1. kendine has yönetmen(di).

    filmografisinde oscar kazanmış gosford park, oscar adayı the player, richard gere'li dr t and women gibi seyiri hoş filmler bulunuyor. ancak bunların yanında paul newman'lı da olsa saçmalığın ve zorlamanın sınırlarında dolaşan the quintet, robin williams'ı sinemaya kazandıran acayip bir popeye, alışılmadık ilişkileri ve kişilikleri konu alan mccabe & mrs. miller, devasa uzunluktaki tanner '88 ve bence kült kategorisindeki brewster mccloud gibi acayip filmleri de mevcut.
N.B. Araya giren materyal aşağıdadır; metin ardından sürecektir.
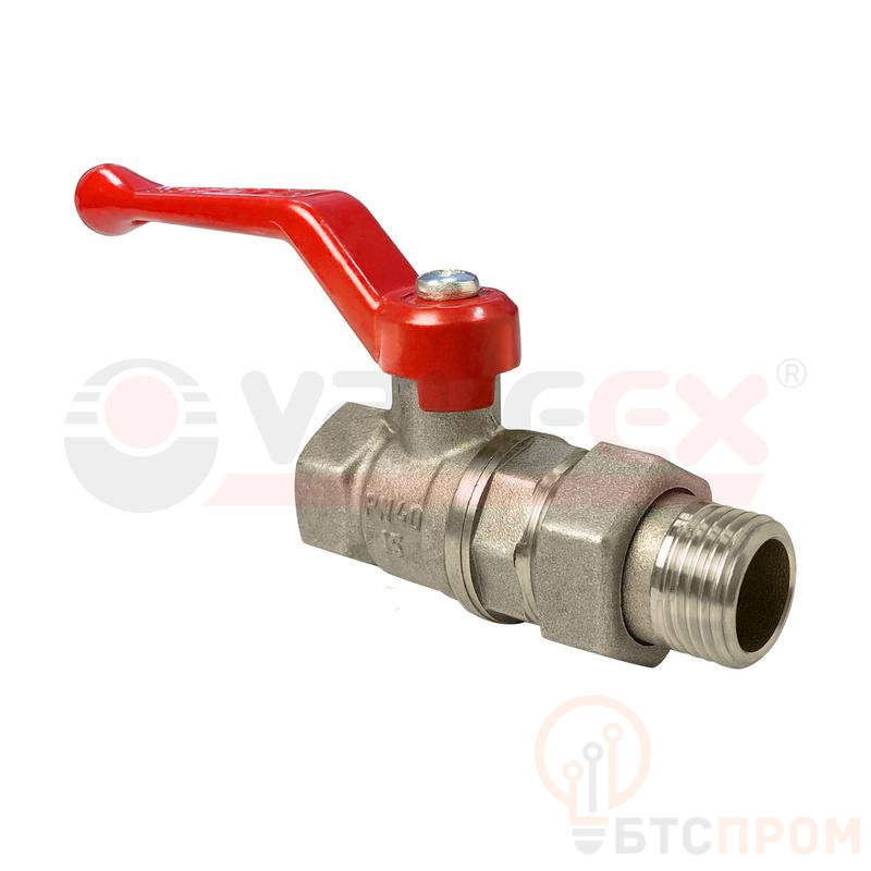 Кран шаровой латунный с американкой никел. покрытие ВН/НР ручка-рычаг 3/4дюйм (40/10) VALFEX VF.225.NR1.034
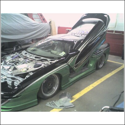 shaved doors, truck lock, nose emblem, antenna, gas door, gas filler relocated behind taillight, lambo doors, ss hood,molded ground effects, custom HOK paint thanks to Indy Speed and Custom
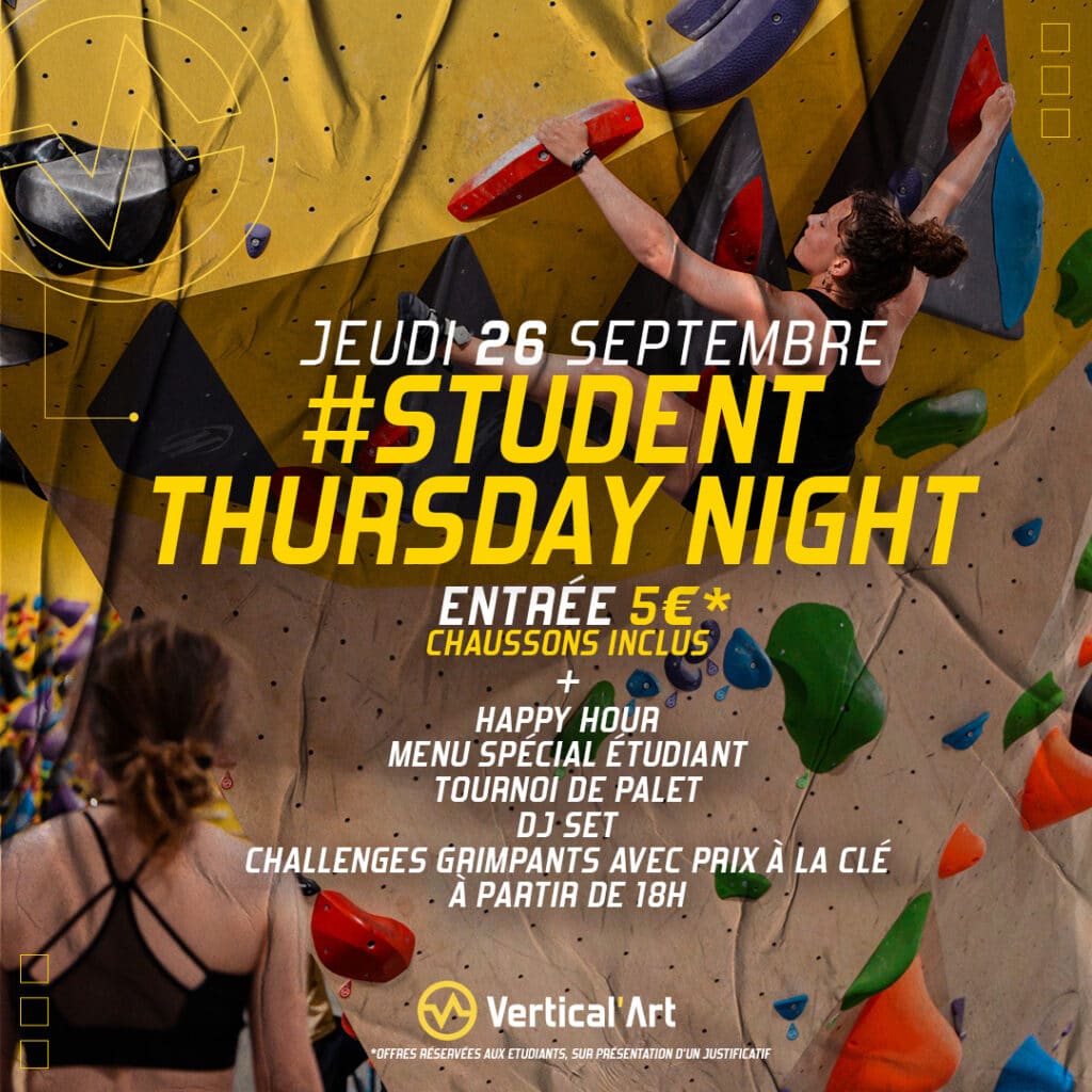 Student Thursday Night à Vertical’Art Brest le 26 septembre
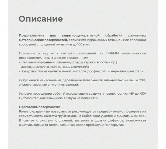 Из минусов - при окраске кистью какой-то огромный расход, у меня вышел в 2 раза выше чем максимальный из инструкции. Там куда должно было хватить 1,5 банки, не хватило двух. Рекомендовал бы купить преобразователь ржавчины отдельно и обработать после минимальной механической очисткой перед окраской, благо он стоит копейки, тогда и расход будет меньше и держаться будет лучше |
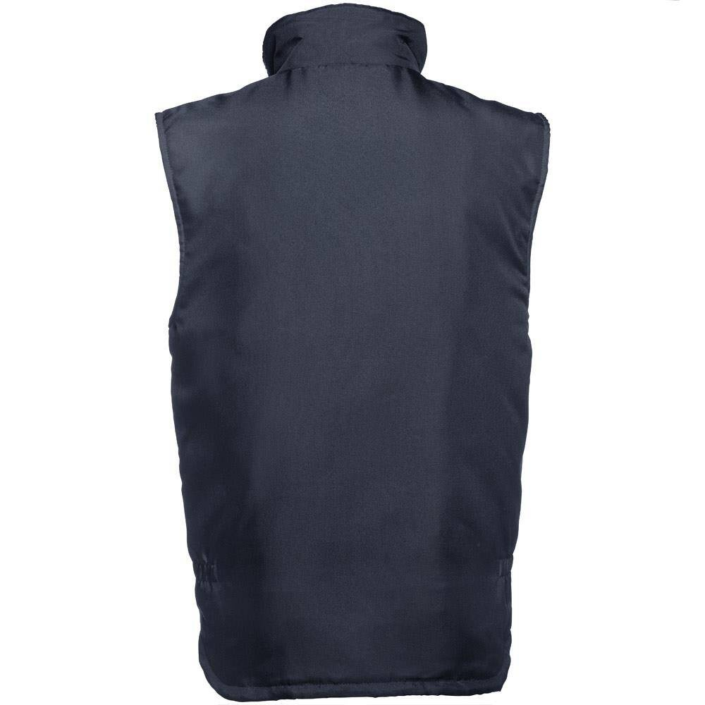 Wyściełana męska kamizelka robocza ze 100% poliestru oxford z powłoką akrylową (170 g/m²), podszewka w 100% z poliestru z tafty (65 g/m²). Kołnierz podszyty polarem i elastyczne boki dla lepszego dopasowania. Zawiera 6 kieszeni: 5 przednich, w tym 2 z wewnętrznym zamkiem, 1 na telefon komórkowy i 1 wewnętrzną. Zapięcie na zamek z tyłu dla łatwej personalizacji. Rozmiary: S, M, L, XL, XXL, 3XL

    bir sinema izleyicisi açısından işin kötü yanı şu olabilir: robert altman bir kategoriye konulabilecek ve paketlenebilecek bir yönetmen değil. çoğunlukla kendi keyfine göre film çekti (ki keyfine düşkündü, amerika'da esrarın legalleşmesi için baya mücadele verdi). filmleri arasında tutarlı bir dünya görüşü veya politik bir kaygı bulunmuyor. filmleri her ne kadar kendine has üslubunun güzelliklerini taşısalar da, bir sanat filmi kadar ağır duruşa sahip değiller ve ortak bir temayı paylaşmıyorlar. bu yüzden filmlerini anlamlı bir paket içerisinde pazarlamak belki mümkün olmuyor. böyle olunca da brewster mccloud gibi bir filmi vhs kopyalardan izlemek zorunda kalıyoruz.